Paul was also a noted musician, recording two #1 hits with his wife, Mary Ford, in the early 1950s and recording a Grammy-winning album of instrumental duets with Chet Atkins, Chester and Lester in the late 1970s. He won two additional Grammys at the age of 90 for his album American Made/World Played. Up until his death he continued to be one of the primary icons and spokespeople for Nashville-based Gibson Guitar.
Alan Jackson
Alan Jackson is one of today's most prolific and award-winning songwriters. The Georgia native has written or co-written 24 of his 35 #1 songs, including "Remember When", "Where I Come From," "Chattahoochee" and "Where Were You (When the World Stopped Turning)". His songs have also proven hits for other artists including Randy Travis and Clay Walker. Jackson has been named Songwriter/Artist of the Year by NSAI and ASCAP numerous times and was inducted into the elite Nashville Songwriters Hall of Fame in October.
Jackson is one of the most honored country music singer-songwriters in the last 20 years. He is a Grand Ole Opry member and three-time Country Music Association Entertainer of the Year with a total of 16 CMA Awards, 17 ACM Awards and two Grammys to his credit. He has released 19 albums, topped the country charts 35 times and has scored more than 50 Top 10 hits while amassing over $60 million in total record sales. Jackson has called Nashville home for more than 25 years.
Kix Brooks
Kix Brooks has been performing and writing songs since the age of 12. In 1990, he teamed with Ronnie Dunn to create Brooks & Dunn, who became the highest-selling duo in the history of country music, selling more than 30 million records and enjoying 23 #1 hits. They have won more than 80 major industry awards, and currently hold the record for the number of awards won at both the ACM and the CMA Awards. Brooks & Dunn retired from performing as a duo in 2010, but Brooks continues to work in the industry, serving as host of American Country Countdown, an internationally-syndicated radio program.

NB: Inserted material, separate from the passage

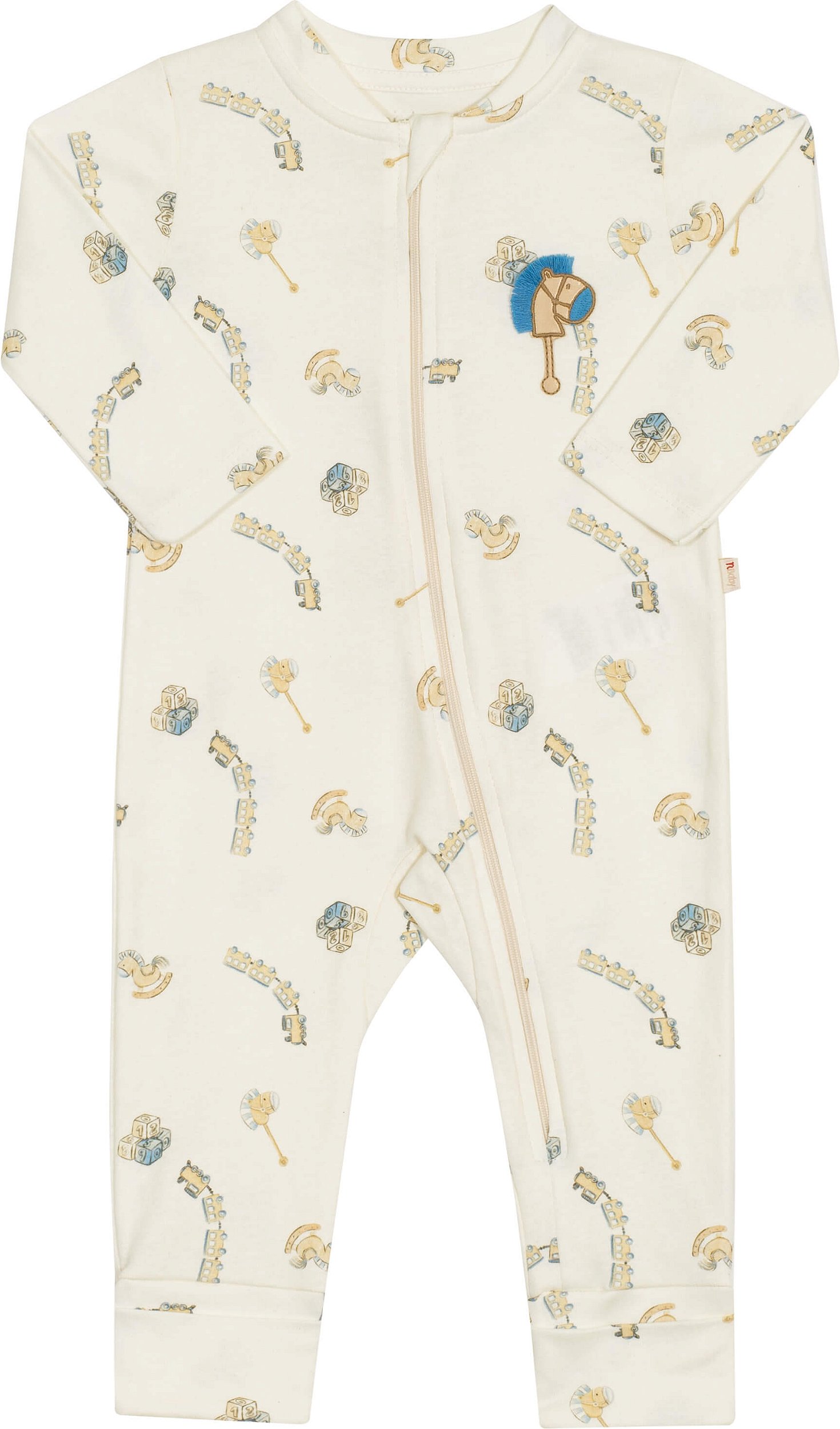 Macacão de Bebê da Nini e Bambini, malha de algodão, cru estampa cavalinhos, feixe com zíper na frente, vira pé. Conforto, maciez e praticidade nessa peça, compre já!

Brooks is also an active civic leader in Nashville. He has served as both President and Chairman of the Country Music Association. He remains an active member of the CMA and has served as a member of the Nashville Music Council, a select group of professionals appointed by Mayor Karl Dean chosen to bring the city of Nashville and the Music Industry closer together. Brooks is also on the board of Vanderbilt Children's Hospital and previously served on the Nashville Convention & Visitors Bureau. He is the local spokesperson for Monroe Harding Children's Home and is a founding partner of Arrington Vineyards in Arrington, TN.